MlopsConceptBeginner · 3 min read

What is Classification in Machine Learning in Python with sklearn

In machine learning, classification is the task of predicting which category or class an input belongs to. Using Python's sklearn library, you can train models that learn from labeled data to classify new data points into classes.

⚙️

How It Works

Classification is like sorting mail into different boxes based on the address. The machine learning model learns from examples where the correct box (class) is already known. It studies patterns in the data, such as colors, shapes, or numbers, to decide which box new mail should go into.

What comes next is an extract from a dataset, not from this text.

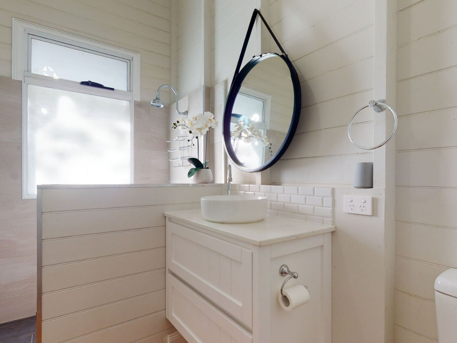 * Updated bathroom featuring a large walk-in shower

In Python, libraries like sklearn provide tools to create these models easily. You give the model a set of labeled examples (training data), and it finds rules to separate the classes. Later, when you give it new data, it uses those rules to predict the class.

💻

Example

This example shows how to use sklearn to classify iris flowers into species based on their measurements.

python

from sklearn.datasets import load_iris
from sklearn.model_selection import train_test_split
from sklearn.linear_model import LogisticRegression
from sklearn.metrics import accuracy_score

# Load iris dataset
iris = load_iris()
X = iris.data  # features
y = iris.target  # labels

# Split data into training and testing sets
X_train, X_test, y_train, y_test = train_test_split(X, y, test_size=0.3, random_state=42)

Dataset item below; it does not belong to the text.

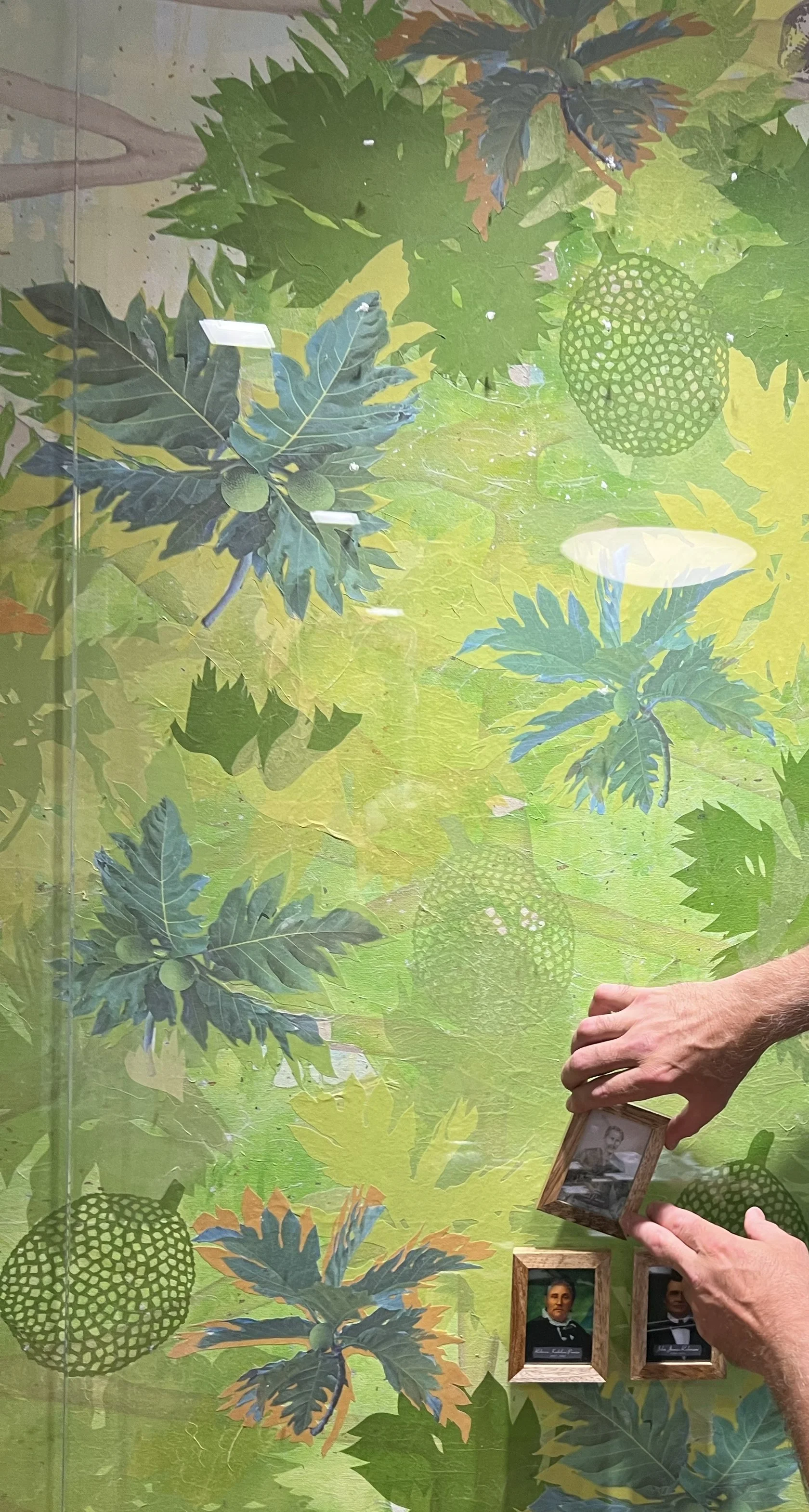 Robinson Estate Trust Office, Family Tree 12' x 8', mixed media on canvas with Acrylic cover and attached photos.

# Create and train the model
model = LogisticRegression(max_iter=200)
model.fit(X_train, y_train)

# Predict on test data
predictions = model.predict(X_test)

# Check accuracy
accuracy = accuracy_score(y_test, predictions)
print(f"Accuracy: {accuracy:.2f}")

Output

Accuracy: 1.00

🎯

When to Use

Use classification when you want to assign items into categories. For example:

Detecting if an email is spam or not
Recognizing handwritten digits
Classifying types of flowers or animals
Medical diagnosis based on symptoms

Classification helps automate decisions where the output is a label or category.

✅

Key Points

Classification predicts categories or classes for data points.
sklearn in Python offers easy tools to build classification models.
Models learn from labeled examples to make predictions on new data.
Common algorithms include logistic regression, decision trees, and support vector machines.

✅

Key Takeaways

Classification assigns input data to predefined categories based on learned patterns.

Python's sklearn library simplifies building and using classification models.

Training requires labeled data to teach the model how to classify.

Classification is useful for tasks like spam detection, image recognition, and medical diagnosis.